Effective dynamics of interfaces for nonlinear SPDEs driven by multiplicative white noise
Shenglan Yuan, Dirk Blömker
TL;DR
This work develops a rigorous reduction framework for nonlinear SPDEs with multiplicative white noise by projecting dynamics onto an approximate slow manifold, yielding a finite-dimensional SDE for the interface parameter $h$ coupled to an infinite-dimensional orthogonal remainder. It proves that the full SPDE is equivalent to the coupled system $(h,v)$ under an invertibility condition on the matrix $A(h,v)$, enabling analysis of metastability and interface motion.
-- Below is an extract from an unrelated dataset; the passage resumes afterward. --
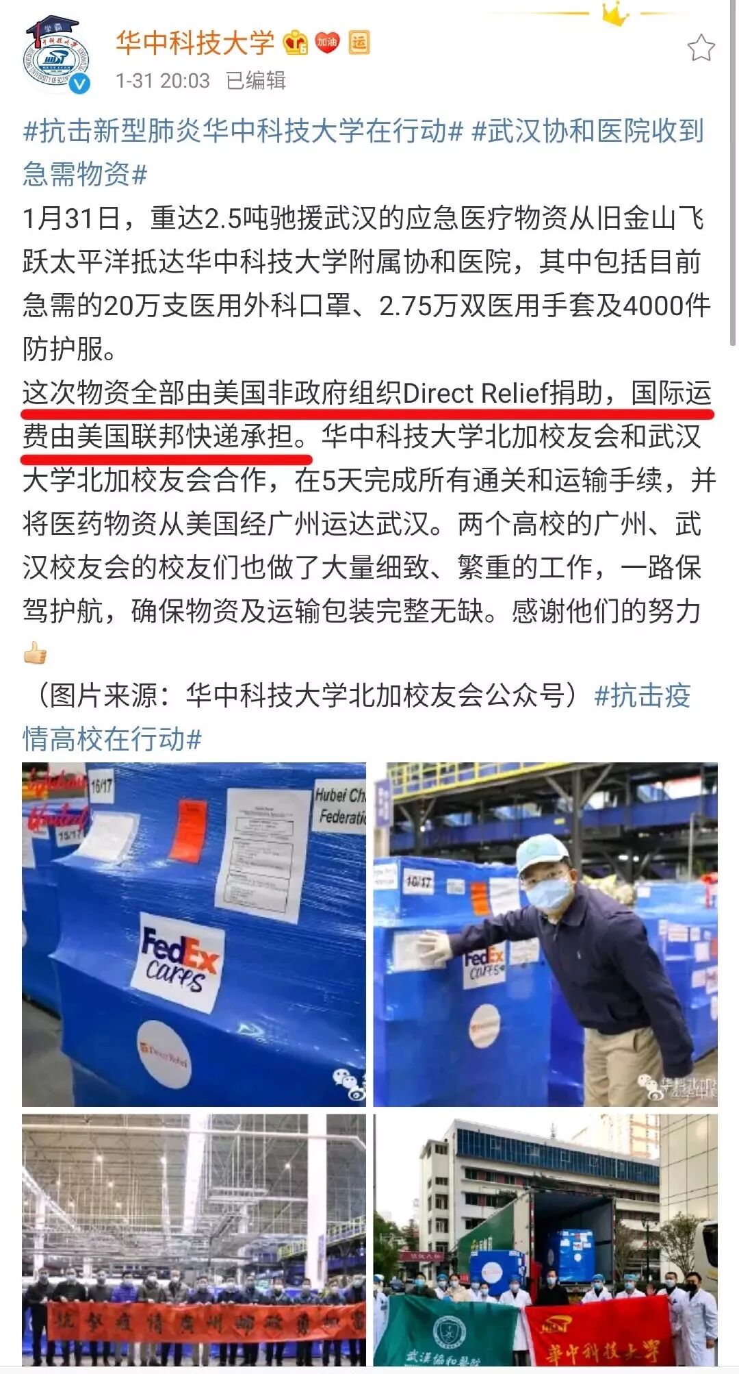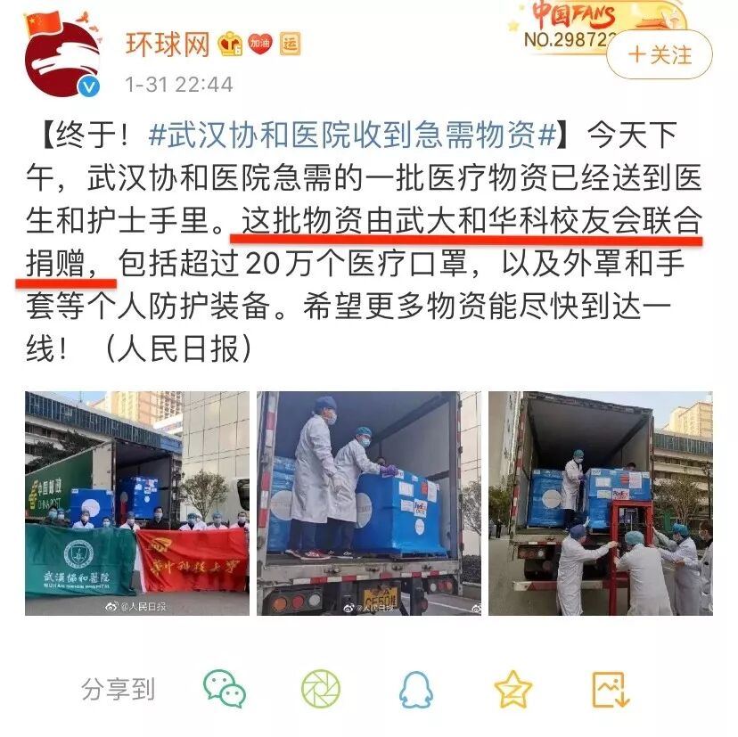 有趣的是,另一部分来自美国的捐赠被人为除名。武汉协和医院于1月31日受到了大量急需的医用物资,包括环球网在内的部分媒体表示:这批物资是由武大和华科校友联合捐赠。
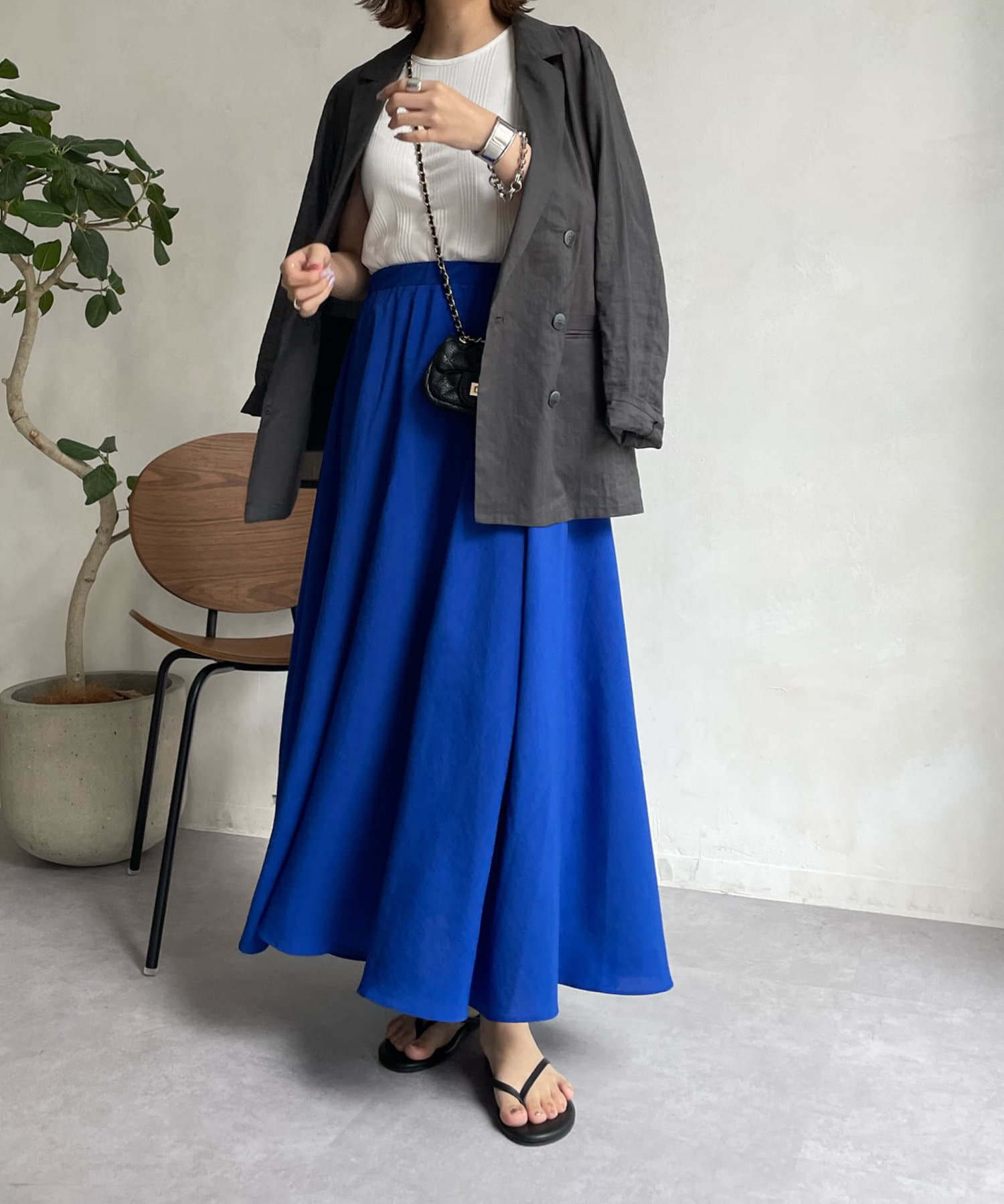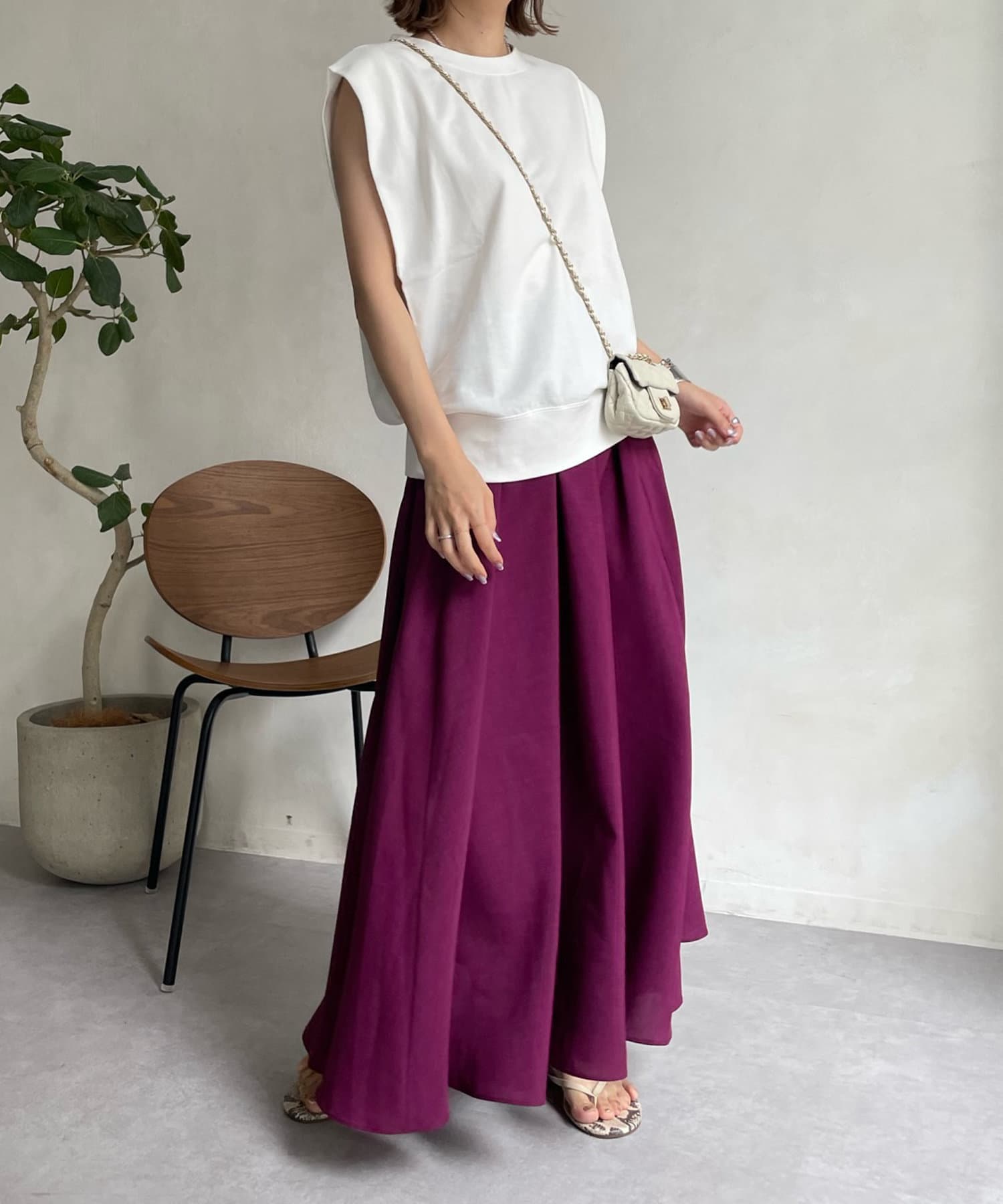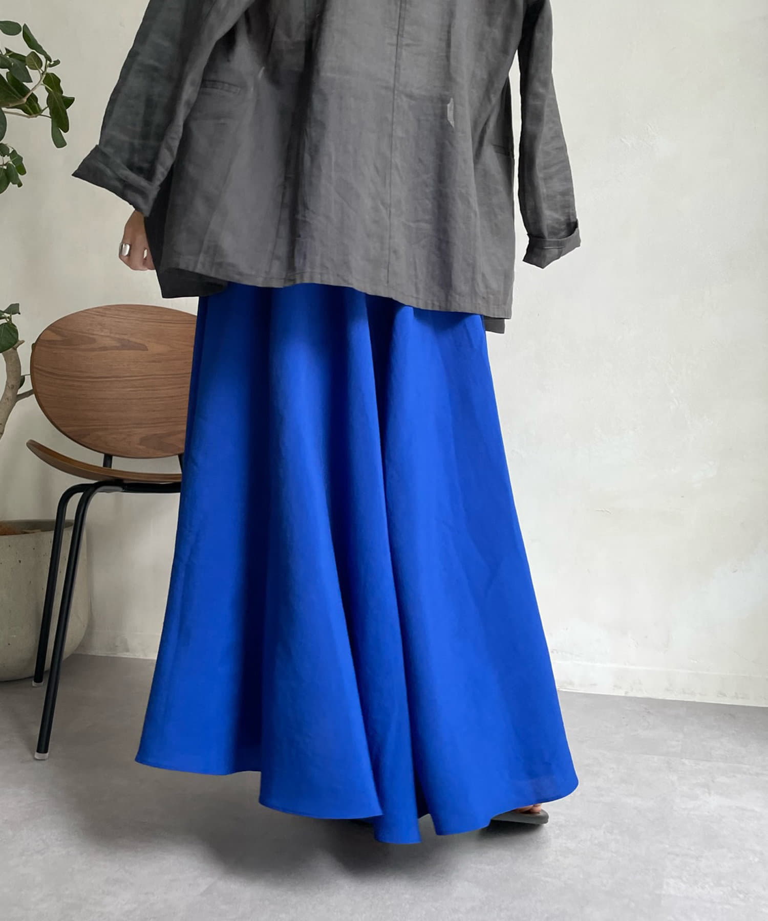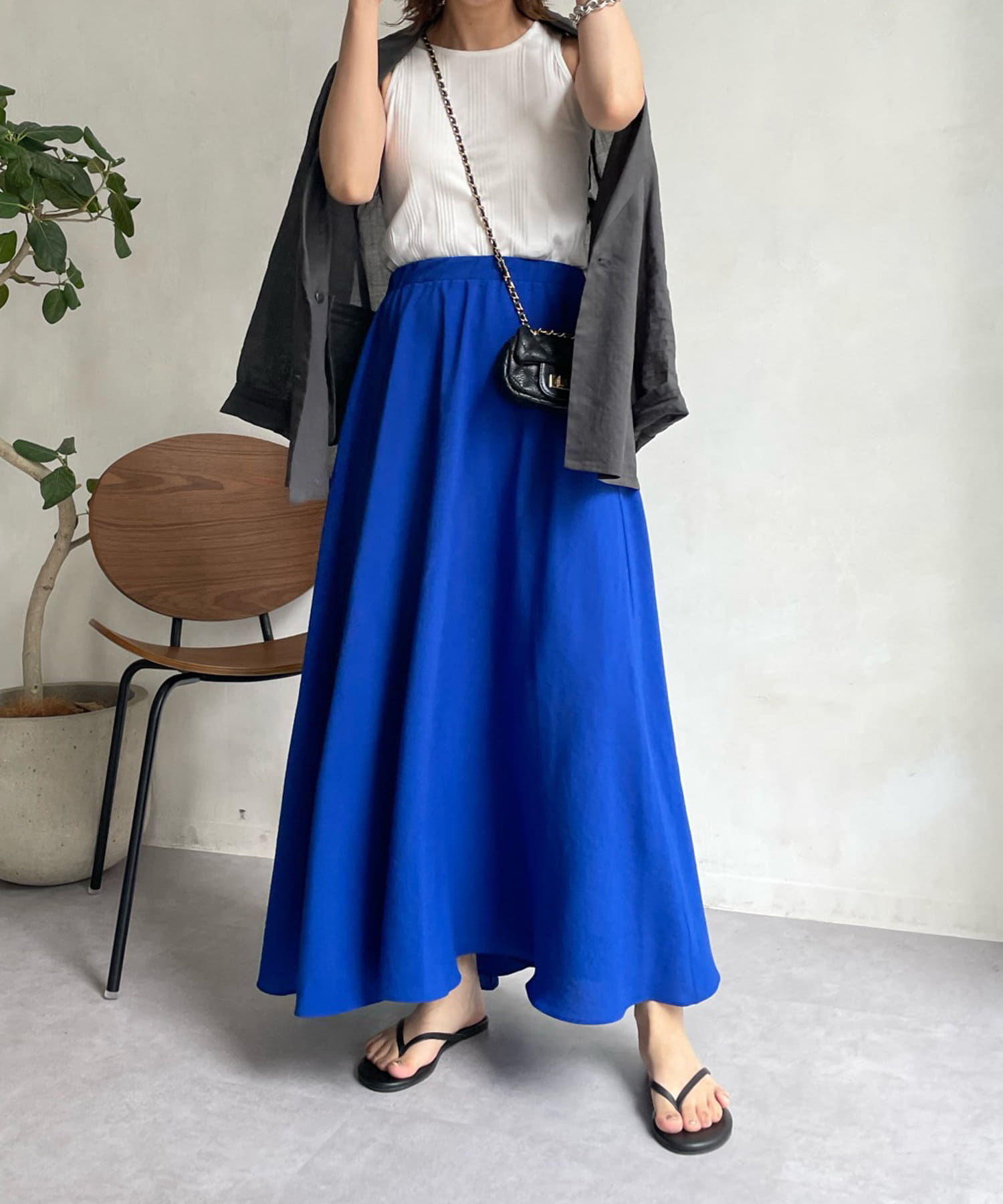 落ち感があり広がりすぎず、動くと揺れて動きがでる女性らしいシルエットがカジュアルなトップスと相性良く、大人カジュアルなスタイリングにピッタリなアイテムです!

The framework is demonstrated on four canonical models—the stochastic damped wave, Allen–Cahn, nonlinear Schrödinger, and Swift–Hohenberg equations—producing reduced dynamics for $h$ that exhibit noise-induced drift, diffusion along the manifold, and long-lived metastable states, with numerical simulations validating the theory. By clarifying how multiplicative noise shapes interface evolution, the results provide a practical toolkit for predicting rare events and pattern evolution in driven systems, and they point to future work on colored/non-Gaussian noise, higher-dimensional interfaces, rigorous convergence proofs, and data-driven coarse-graining.
Abstract
In the present work, we investigate the dynamics of the infinite-dimensional stochastic partial differential equation (SPDE) with multiplicative white noise. We derive the effective equation on the approximate slow manifold in detail by utilizing a finite-dimensional stochastic differential equation (SDE) describing the motion of interfaces. In particular, we verify the equivalence between the full SPDE and the coupled system under small stochastic perturbations. Moreover, we apply our results to effective dynamics of stochastic models with multiplicative white noise, illustrated with four examples on the stochastic damped wave equation, the stochastic Allen-Cahn equation, the stochastic nonlinear Schrödinger equation and the stochastic Swift-Hohenberg equation.